Ah, Defcon. The smell of the unwashed masses of hackers (oh, I’m sorry, haxors is it now?) all wearing black in 110 degree heat, and the sluts who love them. Over the years (four to be exact) I have developed a love/hate relationship with Vegas and the Con.
The Love and Hate:
Vegas…God damnit, the city is akin to my morals. Hookers, strippers, and gambling all in one place. To top it all off smoking and drinking are not only encouraged, but endorsed! Well, all these things do occur there…just not in the place where the Con is held. What the fuck is that? The freaking airport has slot machines, but the Alexis Park doesn’t have anything. Plus, it’s located way the hell away from anything decent. The girls not wearing panties at the Hard Rock Saturday night not withstanding, there is nothing within reasonable walking distance worth seeing. Speaking of girls not wearing panties, while the Con had a number of new bitches to look at, only a few would actually hold up outside of the vortex of virtual reality created during the 3 days of the Con. Seriously fellow pimps, the hoes you were trying to bag with your wasted time, energy, and cash (I’m guilty too) probably should have had one put over their heads. As is tradition, it never fails that these are the same chicks that will run around the pool nekid at 3am causing a scene.
As for the Con itself, I find myself going to less and less presentations and drinking more and more. Let’s face it, at the end of the day, I go there to manage my gang of Hacker Jeopardy gurus and maybe take off some of Kitty’s clothes. Covert Channel, made up of Stef, Darren and Jon can win the competition hands down on any given year…except of course, when they rig it for Poulsen’s team to win. Rig you say? Well, the previous year, I’ve been told a score keeping error prevented us from winning. This year, not only were we (and another top gun team) not called up to play, but what the hell was with the questions? Those were pussy-ass, non technical questions.
Now for all the love you can eat…. Buffets - the one saving grace that consistently satisfies. Pimping is hard work, and nothing fuels the fire better than mountains of crab legs, shrimp and prime fucking rib!
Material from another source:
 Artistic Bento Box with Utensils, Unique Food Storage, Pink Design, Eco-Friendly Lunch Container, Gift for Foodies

Damn those were good. Of course, being a high rolling (and losing) motherfucker gets a pimp and his homeboys some comps. So, props this year goes to Caesars’s Palace. Not only do comps let you cut in front of a line of 400 people, but it gets you endless champagne during your stay. We watched the breakfast buffet turn into a lunch buffet before it was all over.
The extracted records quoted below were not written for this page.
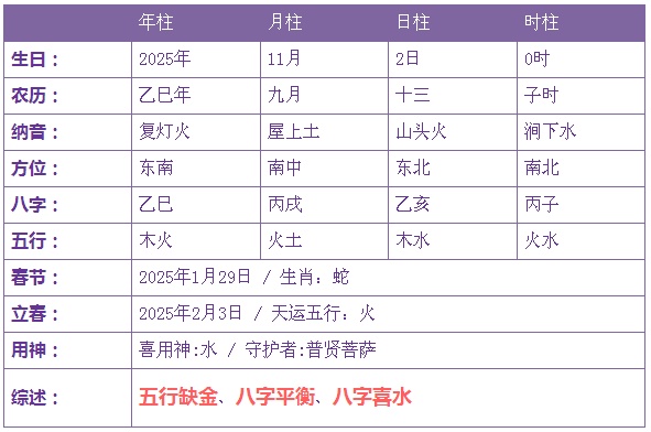 2025年11月2日生辰八字分析:公历生日:2025年 11月 2日 星期日 天蝎座 (阳历)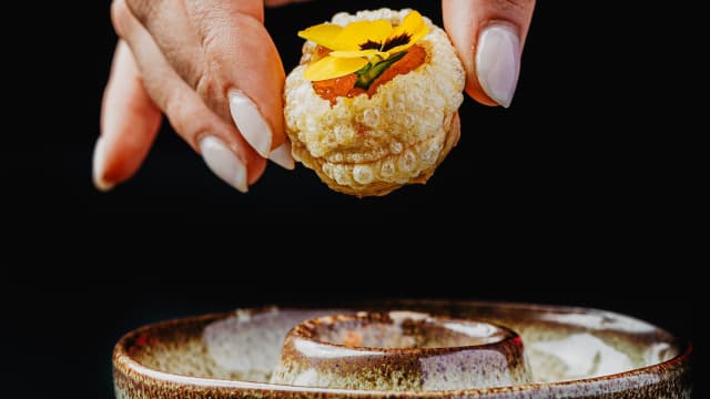Atum com especiarias, sate, azeite com ponzu, maionese japonesa e tobiko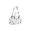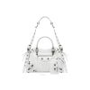 • Dimensions: L13 x H8,2 x W5,3 inch • Arena lambskin • Trapezoidal shape • Two leather hand-braided handles • Adjustable and removable strap (16,5 inch) • Aged-silver hardware • Zipped closure with knotted leather puller • Front zipped pocket with knotted leather puller • 1 inner zipped pocket • 1 removable zipped pouch • 1 removable heart mirror • Tone-on-tone Balenciaga logo embossed on mirror • Cotton canvas lining • Made in Italy

Four years now…will I go back for a 5th consecutive? In a heartbeat and twice on Sunday. Let’s face it, HOPE has been declining with each passing year. Sure, there are a few regional Cons, Cuervo Con to name one, that are a good time. However, it’s Defcon that really gets the freaks to crawl out of the woodwork and let loose a bit. So for all my bitching and moaning, I’ll be back next year.